By definition of the differential $df$, it holds that
$$
df(\dot\gamma) = \frac{df}{ds}
$$
where $\dot\gamma$ is the tangent vector of a curve $\gamma$ parametrised by $s$. In a coordinate system representation, this expression can be rewritten
$$
df(\dot x^\mu \partial_\mu) = \dot x^\mu df(\partial_\mu) = \frac{df}{ds} = \frac{\partial f}{\partial x^\mu} \frac{dx^\mu}{ds}
$$
using the linear property of a dual vector and the chain rule, respectively. This is satisfied for all tangent vectors if and only if
$$
df(\partial_\mu) = \frac{\partial f}{\partial x^\mu}.
$$
If you let $f$ be your coordinate function $x^\nu$, you now obtain
$$
dx^\nu(\partial_\nu) = \frac{\partial x^\nu}{\partial x^\mu} = \delta^\nu_\mu.
$$

I think those equations only hold if the coordinate system is orthonormal.

No, the result is completely general and an effect of how the differential is defined.

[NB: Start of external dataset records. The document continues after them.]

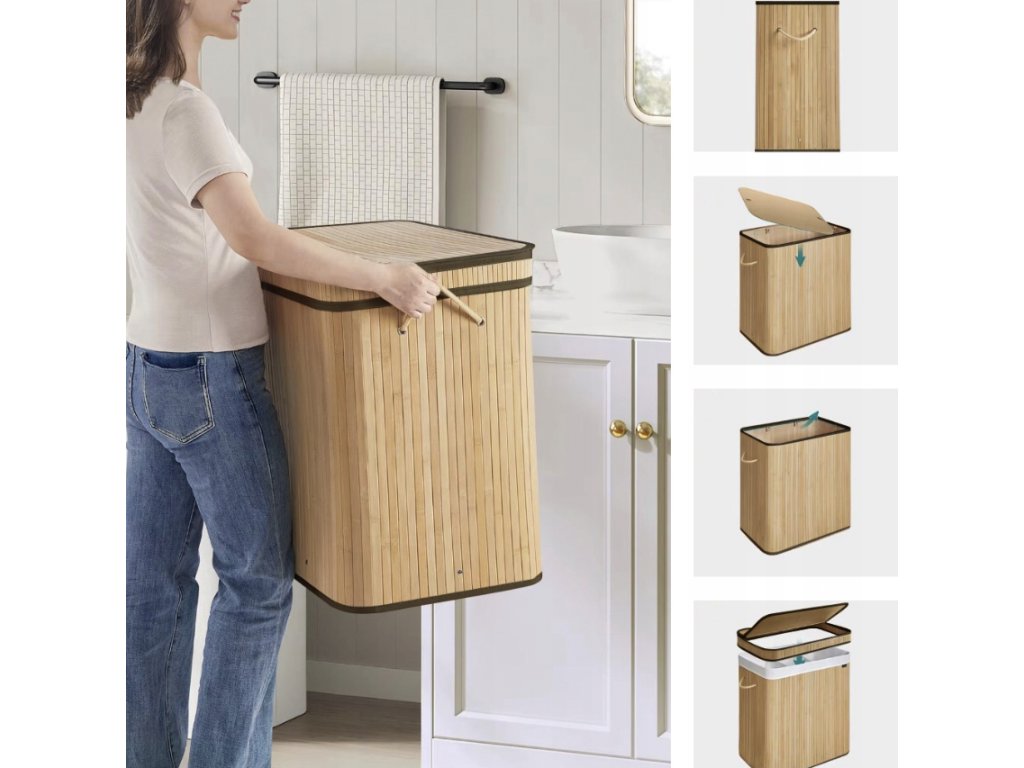 Izjemna košara za perilo iz bambusa ponuja prefinjene podrobnosti, ki jih bo cenil vsak uporabnik: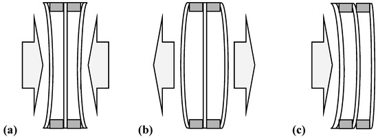 Tight gaps, however, determine some specific properties of IGUs in the context of environmental loads transfer and the associated deformation of structural elements. The gap is filled with gas in the production process of the unit, therefore the gas in the gap has some initial parameters of pressure, temperature, and volume. Under operating conditions, an insulating glass unit is exposed to climatic loads which generate loads and deflections of the component glass panes due to the pressure difference between the gap and the environment. For example, an increase in atmospheric pressure or a decrease in the gas temperature in the gap results in a concave form of deflection of the panes (Figure 1a) and the opposite changes of these parameters in a convex form (Figure 1b). The magnitude of the under or overpressure in the gap depends not only on the value of climatic loads, but also on the structure of IGU. In general, it increases with reduced IGU dimensions (width × length), increased thickness of the gas gap, and increased thickness of the component glass plates. How the pressure difference affects the deflections in IGU will be presented later in this article.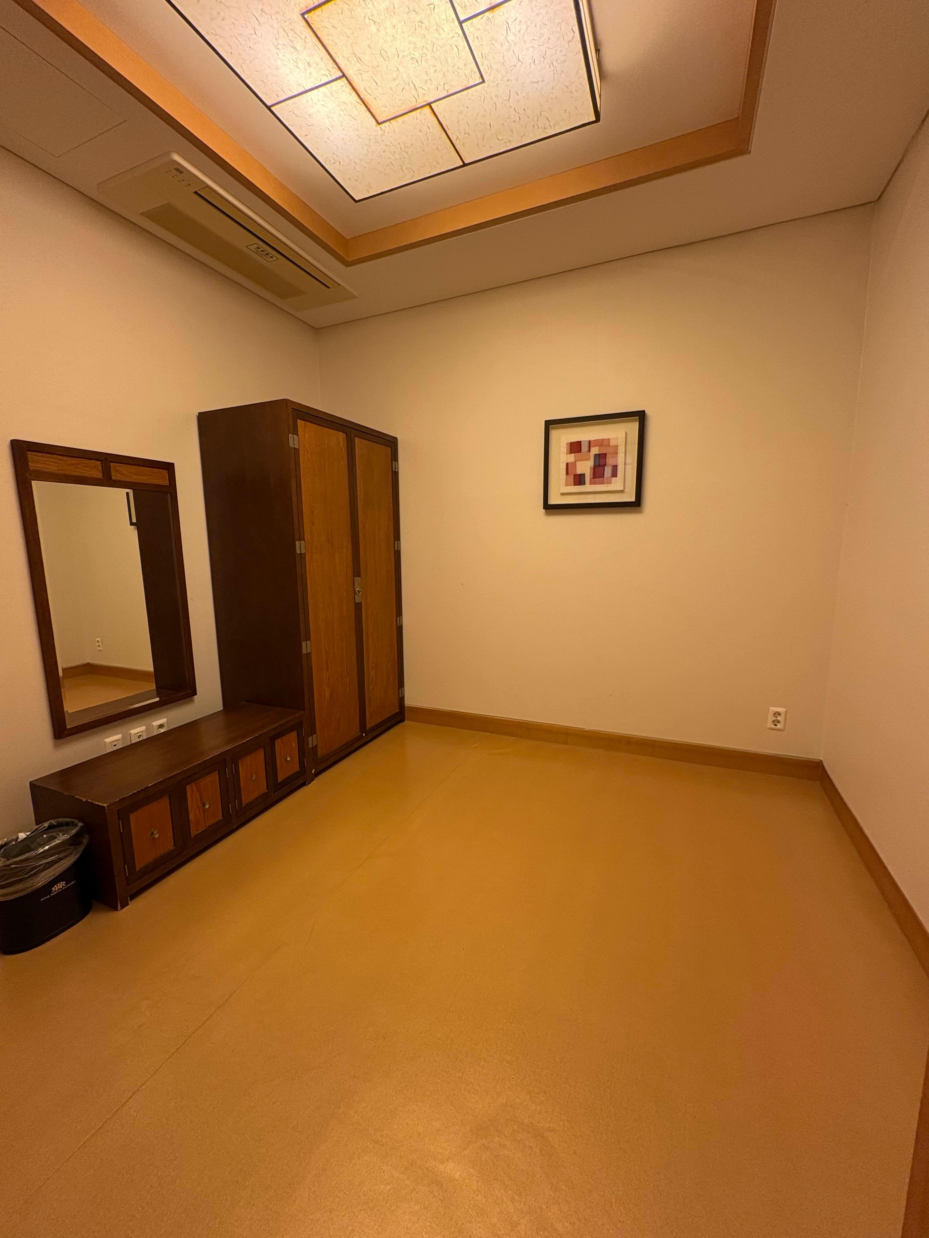 큰 침대방 하나, 이불 두 채가 깔린 온돌방 하나, 그리고 아담한 거실이 있었어요.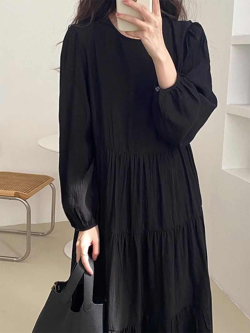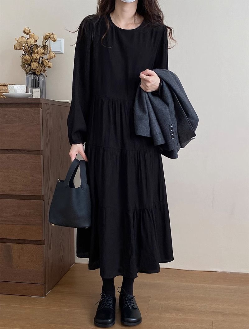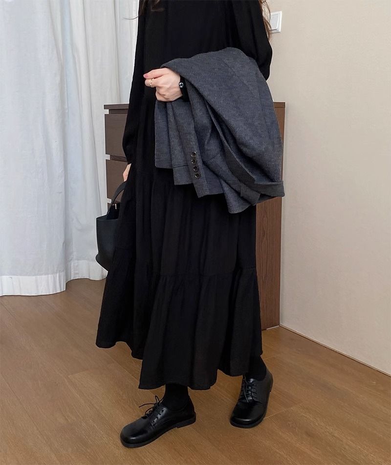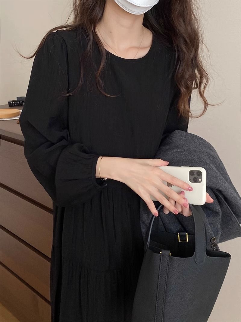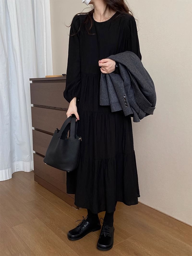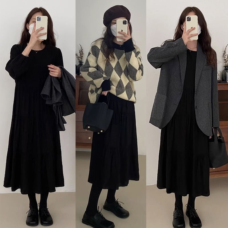약간 뚱뚱한 mm 이른 가을 긴 소매 A 자형 원피스 여성 플러스 사이즈 300kg 느슨한 슬림 기질 스티칭 무릎 길이 스커트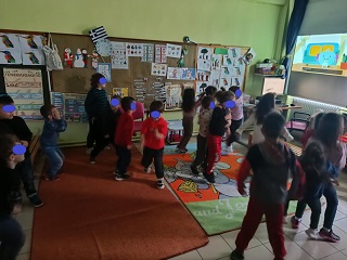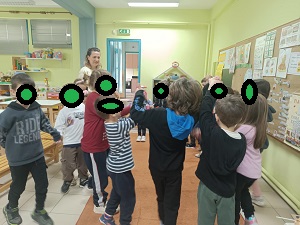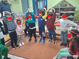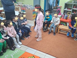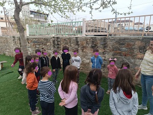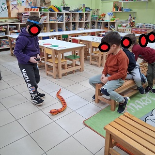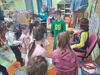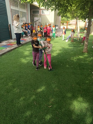 Τέλος παίζουμε ένα παιχνίδι, προσπαθούμε με κλειστά μάτια να τοποθετήσουμε στη σωστή θέση την ουρά του ζώου.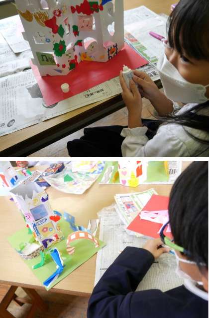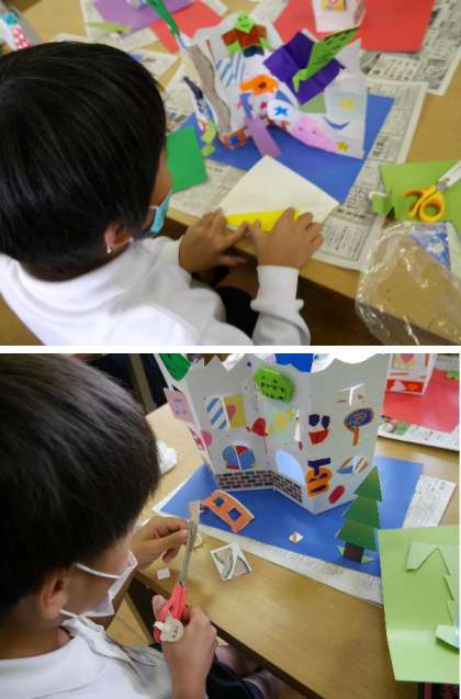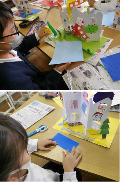 2年生が、図工室で窓のある建物を台紙にはって完成させていました。はしごをつけたり、楽しくしあげていました。
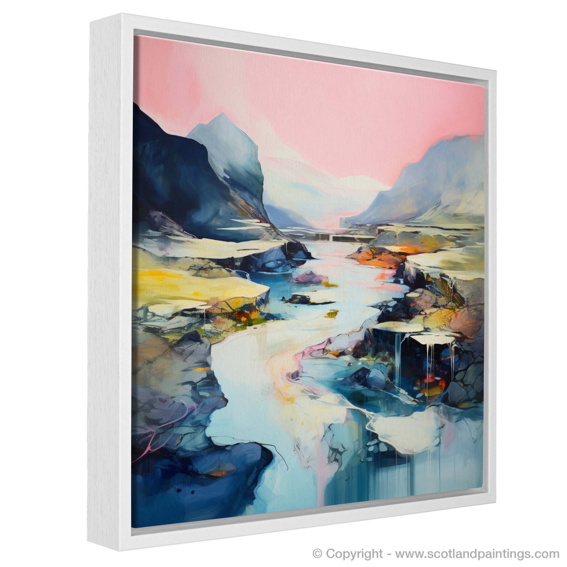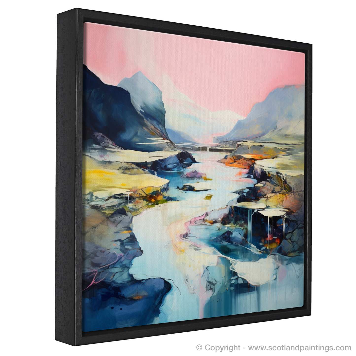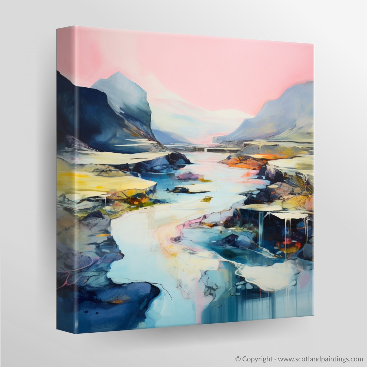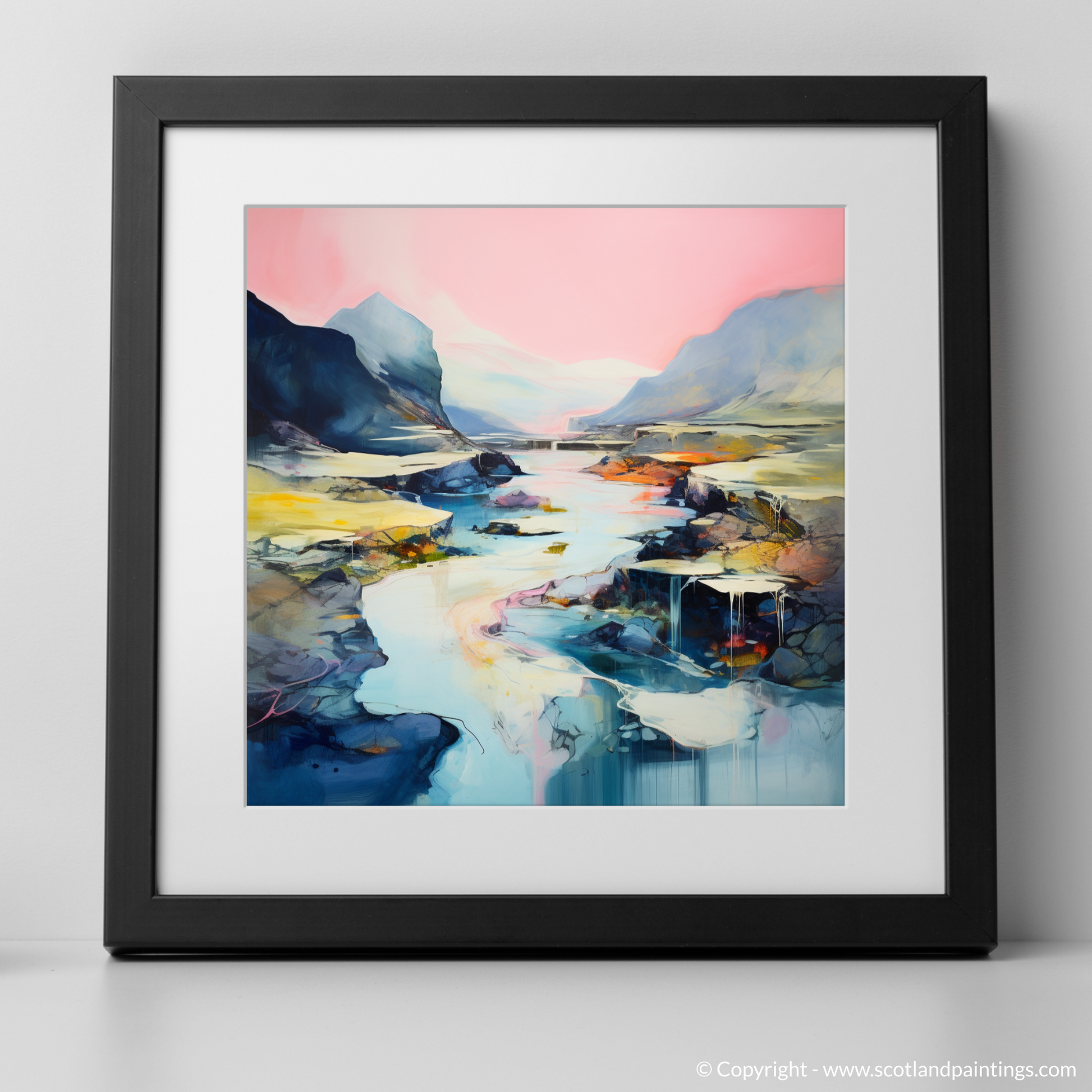 Capturing the ethereal beauty of the Isle of Skye's Fairy Pools at the enchanting hour of dusk, this abstract print pulsates with the vibrant life and mystical allure of a Scottish summer. Swathes of bold pinks and serene blues paint a vivid sky, mirroring the tranquil yet dynamic waters below. The pools, rendered in a synthesis of aqua and sapphire hues, meander through a landscape of golden yellows and rich umbers, a tapestry of colour that echoes the rugged terrain of the Highlands.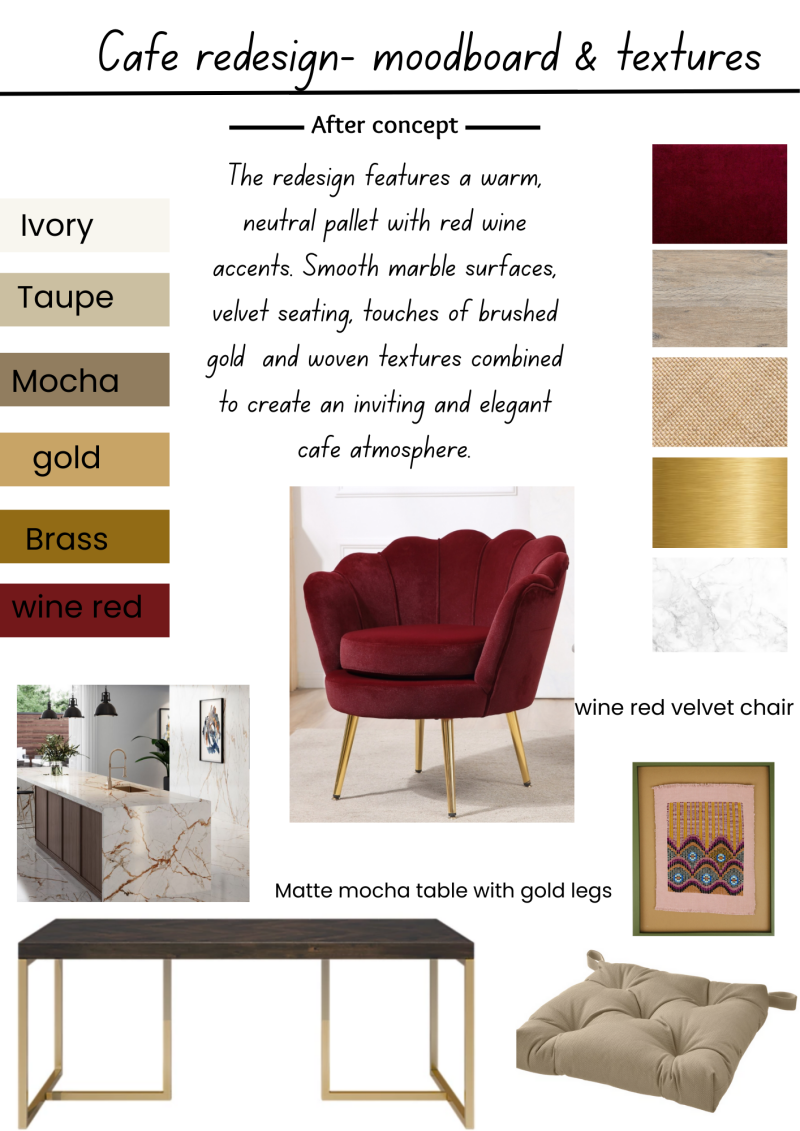 I created this mood-board to explore an elegant cafe redesign that feels inviting but still modernized . I chose a neutral base from my color pallet such as ivory, taupe and mocha to create the calm base, I then added wine red as the bold bright color to bring depth and warmth. The materials - marble , velvet , brushed gold and woven were perfect textures to balance luxury with comfort so the space feels more welcoming than formal.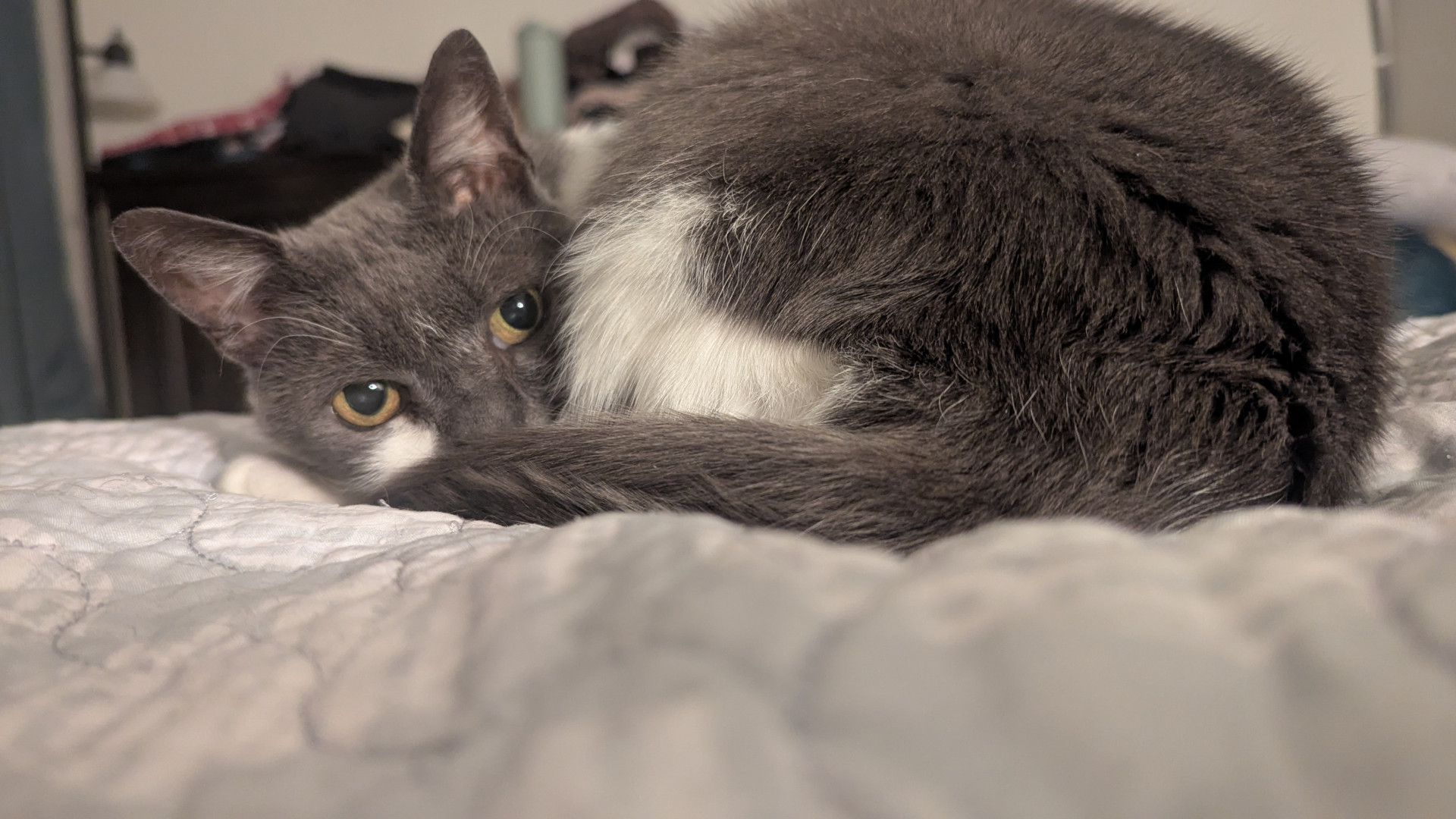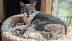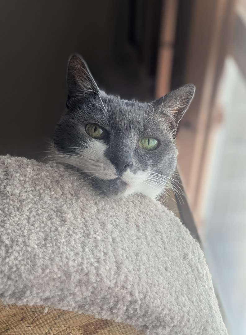 The most unique quality that Luna possesses is her keen attention to how her humans are feeling. I'd call this compassion. Whenever we are sick, she seems to know and makes it a point to lie near or on us. She can be skittish at times, but most often she is calm and sweet, and will give you a tender lick on the hand.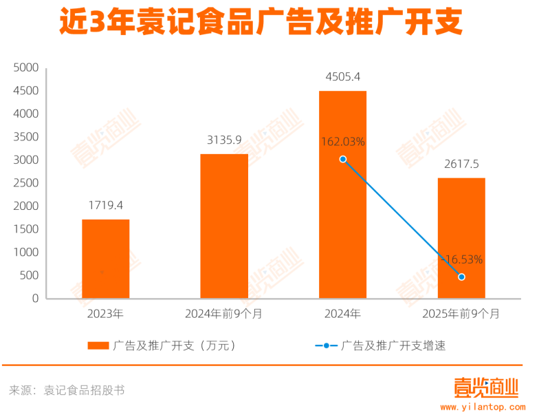 食安事件发生同期,袁记食品也正式出海,2024年12月海外首店在新加坡开业。袁记食品既要平息大陆地区的舆论,又要在海外造势,双重叠加下,当年的广告及推广开支上升至4505.4万元,同比增长超162.03%,这笔支出占销售及营销开支的比例也从2023年的22.34%上升至35.79%。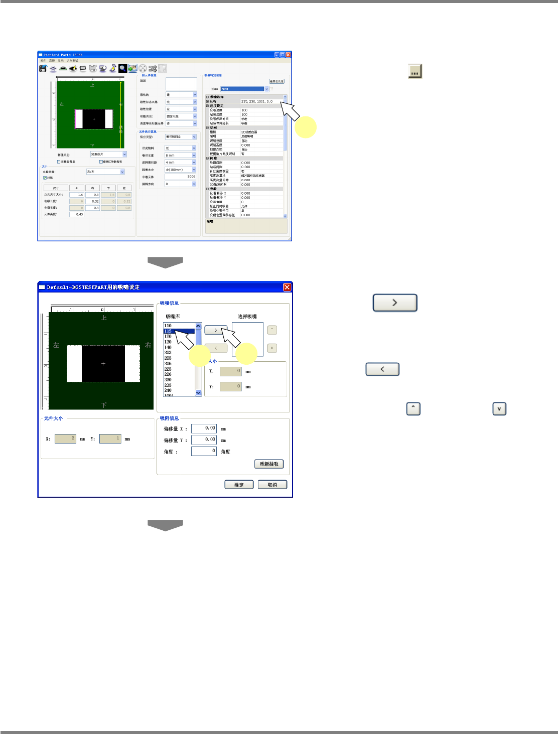 NPM-DGS 程序手册 6.5 添加新的元件 EJS9AC-MB-06P-02 Page 6-73 设定有关元件的吸嘴信息 1 点击 ‘ 机器特定信息 ’ 的 ‘ 吸嘴参考 ’ 右边 的吸嘴检查 。 显示出吸嘴构成画面。 2 从 ‘ 吸嘴库 ’ 中选择候选吸嘴,点击向右 箭头 。 在选择吸嘴中显示所选择的吸嘴。 解除选择吸嘴时,请选择设定吸嘴, 点击向左 箭头 。 变更选择吸嘴的候选顺序时, 请选择设定吸嘴, 点击…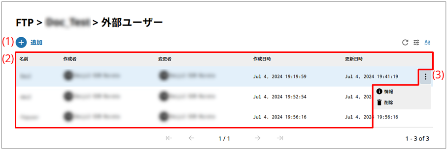 作成済の外部ユーザーの情報が表形式で表示されます。

I would not call $g(\partial_\mu,\partial_\nu) = g_{\mu\nu}$ a result as much as the definition of the components $g_{\mu\nu}$. In contrast, the result above is general and does not even require a metric to be well defined (the natural product is between tangent vector and dual vectors, the metric is necessary only to define a product between vectors of the same type).

I find that it sometimes helps to go back to the Euclidean case. In the Euclidean case you can define two bases $\vec E^\mu = \partial \vec x/\partial x^\mu$ and $\vec E_\mu = \nabla x^\mu$, respectively. These are the equivalents of $\partial_\mu$ and $dx^\mu$, respectively (heuristically, essentially just remove the position vector). Each of these sets of vectors will generally not be orthonormal among themselves (in curvilinear coordinates), however it will still hold that
$$
\vec E^\nu\cdot \vec E_\mu = \frac{\partial x^\nu}{\partial y^i} \vec e_i \cdot \vec e_j \frac{\partial y^j}{\partial x^\mu} = \frac{\partial x^\nu}{\partial y^i} \frac{\partial y^i}{\partial x^\mu} = \frac{\partial x^\nu}{\partial x^\mu} = \delta^\nu_\mu,
$$
where $\vec E^\nu$ and $\vec E_\mu$ have been written down in component form in a Cartesian coordinate system $y^i$.

 

[nigelscott]

Thank you. Now I understand.